§ **Records shown**:
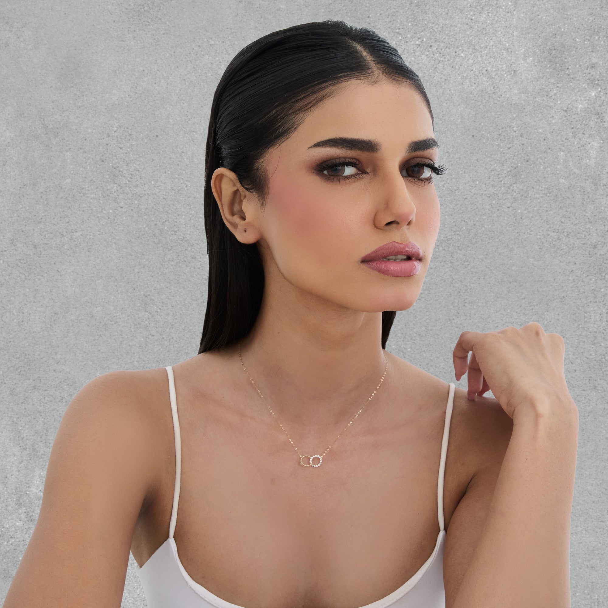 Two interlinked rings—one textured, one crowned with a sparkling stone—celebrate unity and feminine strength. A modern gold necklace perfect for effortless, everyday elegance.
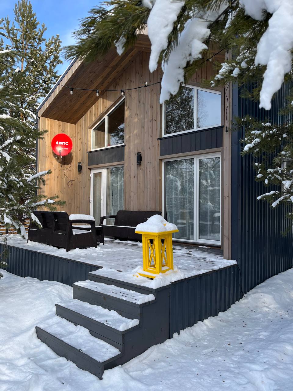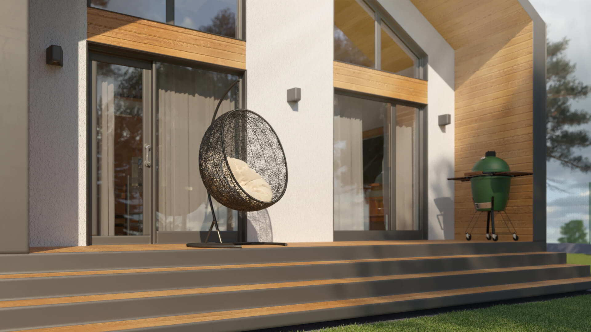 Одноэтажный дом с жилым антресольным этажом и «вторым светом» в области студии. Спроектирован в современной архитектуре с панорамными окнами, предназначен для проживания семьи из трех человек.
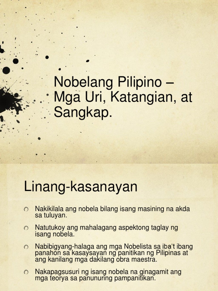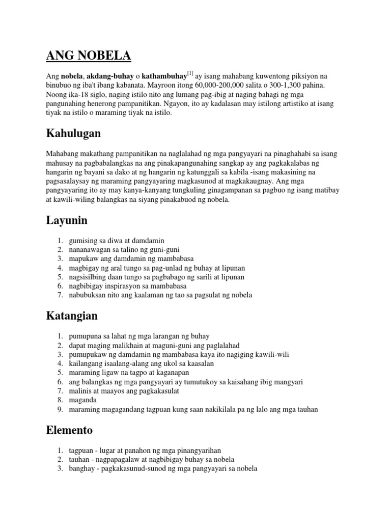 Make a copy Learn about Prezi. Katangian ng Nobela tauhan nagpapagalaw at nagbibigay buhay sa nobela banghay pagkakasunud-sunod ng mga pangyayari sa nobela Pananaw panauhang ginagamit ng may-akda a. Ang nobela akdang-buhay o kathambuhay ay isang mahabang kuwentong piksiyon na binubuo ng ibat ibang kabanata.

...

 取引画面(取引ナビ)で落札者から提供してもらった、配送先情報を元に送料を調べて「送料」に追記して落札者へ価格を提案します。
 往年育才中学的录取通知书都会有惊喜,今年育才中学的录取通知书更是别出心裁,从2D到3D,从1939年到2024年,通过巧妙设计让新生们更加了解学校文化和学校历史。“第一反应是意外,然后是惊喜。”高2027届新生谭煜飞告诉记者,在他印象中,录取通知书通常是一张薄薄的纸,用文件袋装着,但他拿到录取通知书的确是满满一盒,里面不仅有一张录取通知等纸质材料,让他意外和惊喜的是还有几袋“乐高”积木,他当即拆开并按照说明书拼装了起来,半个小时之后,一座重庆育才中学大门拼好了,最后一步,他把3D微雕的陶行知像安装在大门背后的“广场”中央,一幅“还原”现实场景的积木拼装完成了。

--

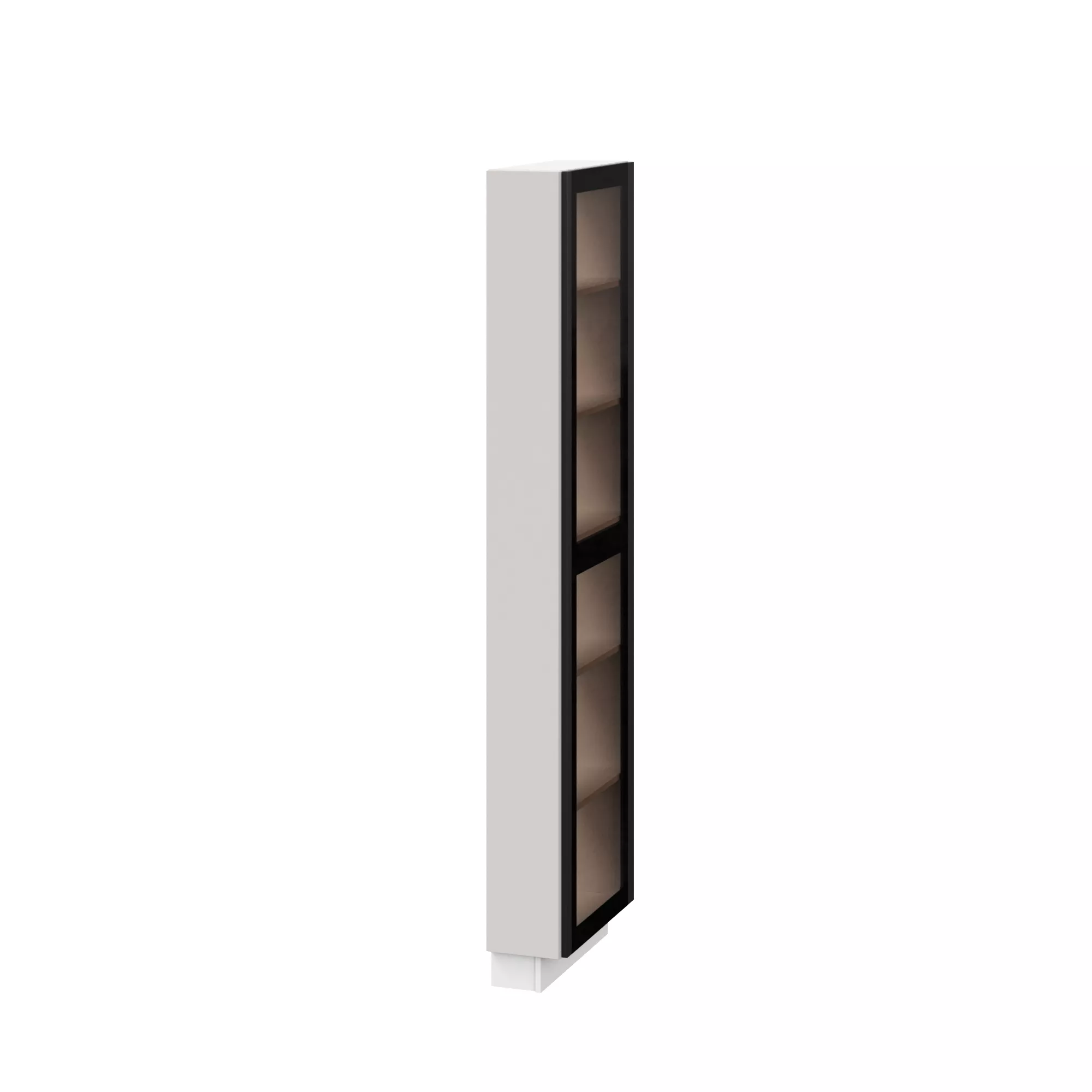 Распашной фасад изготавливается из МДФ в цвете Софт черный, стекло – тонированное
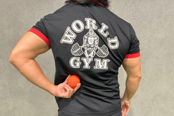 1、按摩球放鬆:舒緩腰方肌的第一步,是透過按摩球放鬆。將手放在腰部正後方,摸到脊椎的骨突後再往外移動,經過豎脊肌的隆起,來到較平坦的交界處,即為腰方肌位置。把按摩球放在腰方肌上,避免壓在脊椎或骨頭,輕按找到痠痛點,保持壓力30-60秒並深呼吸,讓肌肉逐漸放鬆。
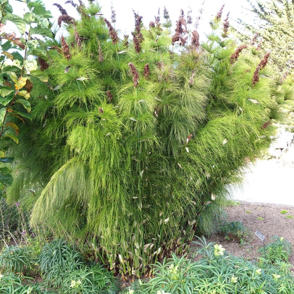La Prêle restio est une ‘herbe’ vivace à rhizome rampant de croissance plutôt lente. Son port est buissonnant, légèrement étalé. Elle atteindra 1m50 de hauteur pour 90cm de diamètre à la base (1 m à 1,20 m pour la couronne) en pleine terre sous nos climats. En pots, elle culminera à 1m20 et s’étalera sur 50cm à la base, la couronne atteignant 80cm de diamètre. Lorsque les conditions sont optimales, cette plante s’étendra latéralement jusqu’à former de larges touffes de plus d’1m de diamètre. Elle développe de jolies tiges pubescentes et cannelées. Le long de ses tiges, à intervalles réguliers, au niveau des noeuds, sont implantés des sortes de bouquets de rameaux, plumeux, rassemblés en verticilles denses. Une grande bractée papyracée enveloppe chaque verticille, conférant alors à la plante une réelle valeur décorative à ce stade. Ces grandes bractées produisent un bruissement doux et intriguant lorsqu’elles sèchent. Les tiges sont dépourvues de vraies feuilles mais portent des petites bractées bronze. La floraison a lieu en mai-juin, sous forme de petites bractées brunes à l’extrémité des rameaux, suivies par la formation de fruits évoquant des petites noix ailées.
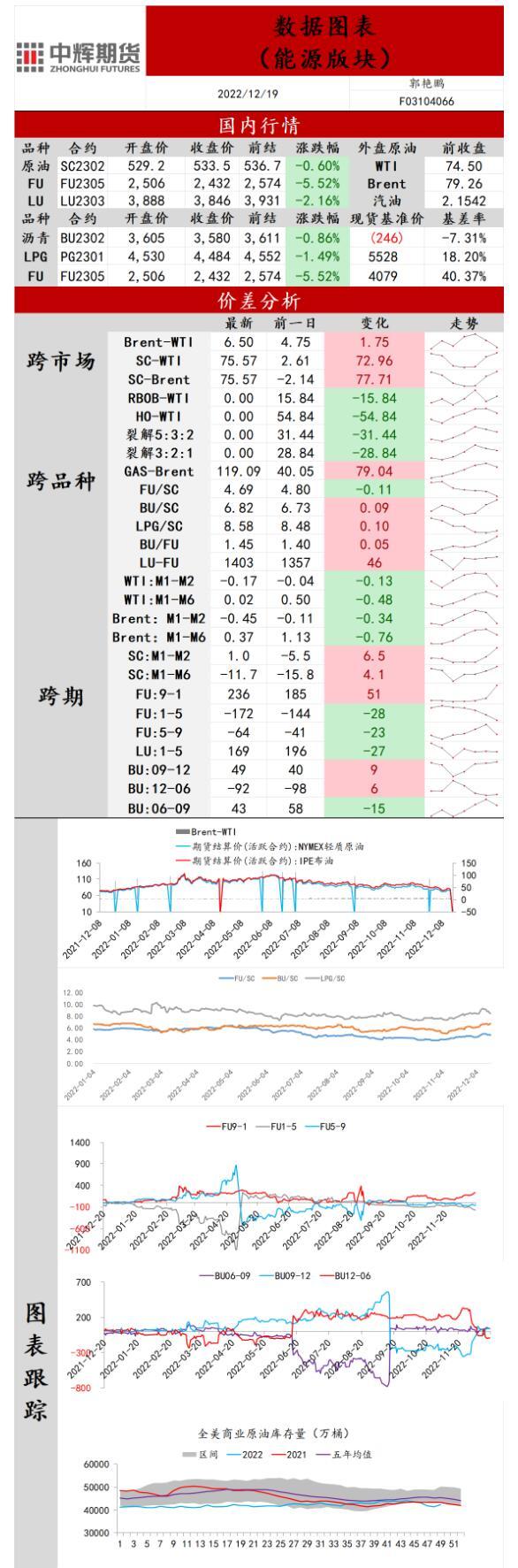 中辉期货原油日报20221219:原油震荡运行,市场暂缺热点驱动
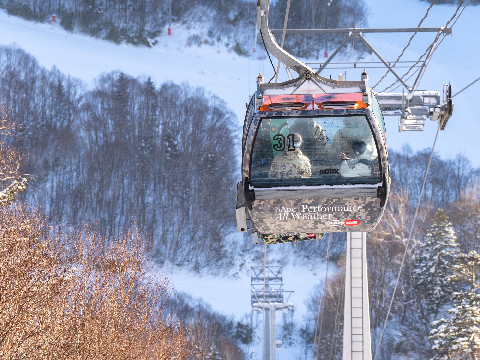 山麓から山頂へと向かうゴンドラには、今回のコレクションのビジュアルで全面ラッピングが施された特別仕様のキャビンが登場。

§ **Problem details**:
Print an exact copy of the lines above, from the one containing "Two interlinked rings—one" through the one containing "Make a copy", and leave out the pictures.

§ **Result below**:
 Two interlinked rings—one textured, one crowned with a sparkling stone—celebrate unity and feminine strength. A modern gold necklace perfect for effortless, everyday elegance.
 Одноэтажный дом с жилым антресольным этажом и «вторым светом» в области студии. Спроектирован в современной архитектуре с панорамными окнами, предназначен для проживания семьи из трех человек.
 Make a copy Learn about Prezi. Katangian ng Nobela tauhan nagpapagalaw at nagbibigay buhay sa nobela banghay pagkakasunud-sunod ng mga pangyayari sa nobela Pananaw panauhang ginagamit ng may-akda a. Ang nobela akdang-buhay o kathambuhay ay isang mahabang kuwentong piksiyon na binubuo ng ibat ibang kabanata.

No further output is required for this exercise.